### Problem
Using the records that appear below, write out exactly the lines from the one with "수영장 남자 샤워실 입구 강화문 H바 하단 안전리브 탈락 정비 부착" through the one with "Netzteil für die Steckdose", keeping both end lines.

Start of Material to process

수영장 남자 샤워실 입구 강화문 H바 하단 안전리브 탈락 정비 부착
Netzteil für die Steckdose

End of Material to process
Start of Material to process

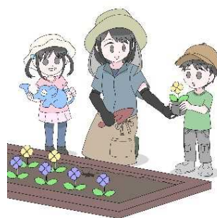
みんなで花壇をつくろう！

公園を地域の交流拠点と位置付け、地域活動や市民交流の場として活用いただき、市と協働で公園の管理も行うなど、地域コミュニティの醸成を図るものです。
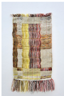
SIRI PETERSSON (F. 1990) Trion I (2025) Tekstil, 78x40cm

End of Material to process

### Response
수영장 남자 샤워실 입구 강화문 H바 하단 안전리브 탈락 정비 부착
Netzteil für die Steckdose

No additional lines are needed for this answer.